Prestonia is a genus of lianas, a type of woody vine. Their leaves lack glands and have intrapetiolar colleters that are arranged oppositely along the stem. As with many in Apocynaceae, their stems contain a latex that ranges from watery to milky. Their flowers occur in cymes that are usually axillary (occurring between the stem and the leaf) but are sometimes terminal (occurring at the ends of branches). They range from tube-shaped to funnel-shaped with usually 5 free coronal lobes and a characteristic annular corona. A single colleter is located at the inner base of their 5 sepals. Their petals range in color from cream to yellow-green, sometimes with red or purple inclusions. They have nectaries located annularly alongside their apocarpous, bicarpellate gynoecium. The fruit is a follicle that is usually smooth but is winged in some species. The seeds have tufts of hair and are truncate in shape.

== Distribution and habitat ==
Species in Prestonia can be found in the neotropics of Mexico, Central America, South America, and the West Indies. They extend as far north as northeast Mexico and as far south as northern Argentina. Colombia and Brazil have the most species with 25 and 23 known species respectively. They can be found at elevations ranging from sea level to as high as 2800m.

== Ecology ==
Limited evidence has shown bees to be possible pollinators of the genus.
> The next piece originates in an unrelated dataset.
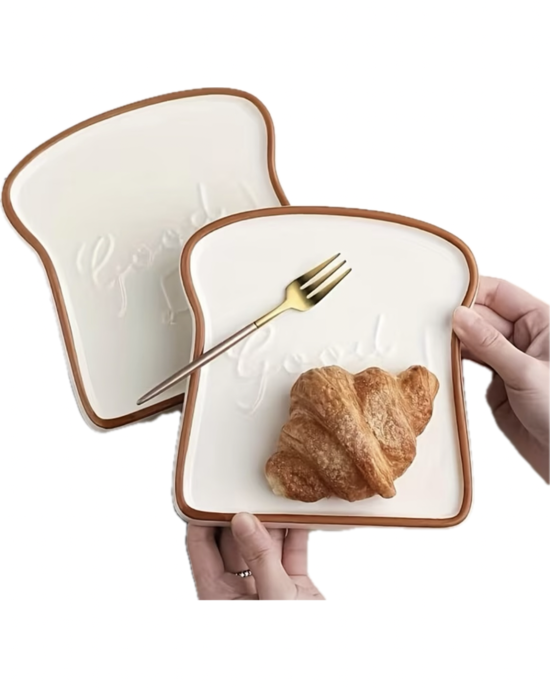 Coppia di piatti in ceramica a forma di toast, ideale per un brunch o colazione.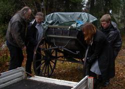 Under sommaren 2009 gjorde Maria och Carina ett riktigt klipp och köpte en gammal hästdroska att använda i Lasse Maja. Kärran hade stått ute i Kicki Magnusson och Hasses sommarstuga vid Västlandasjön. Nu var det hög tid att hämta hem den. Natten till lördagen den 14 november snöade det och vi tänkte:

In the montane rainforests of Ecuador, some members of Lepidoptera in Ithomiinae and Arctiinae have been found to engage in pharmacophagy on Prestonia amabilis. They do so in order to obtain pyrrolizidine alkaloids that can be used as a chemical defense against predators and as precursor chemicals to male pheremones.

== Taxonomy ==
The genus was first described in 1810 by botanist Robert Brown who named the genus after Dr. Charles Preston. It was not until the 1930's that it got significant attention from Robert E. Woodson, who is known to have treated the most species in the genus. It is closely related to Artia and Parsonsia.

=== Species ===
63 species are accepted.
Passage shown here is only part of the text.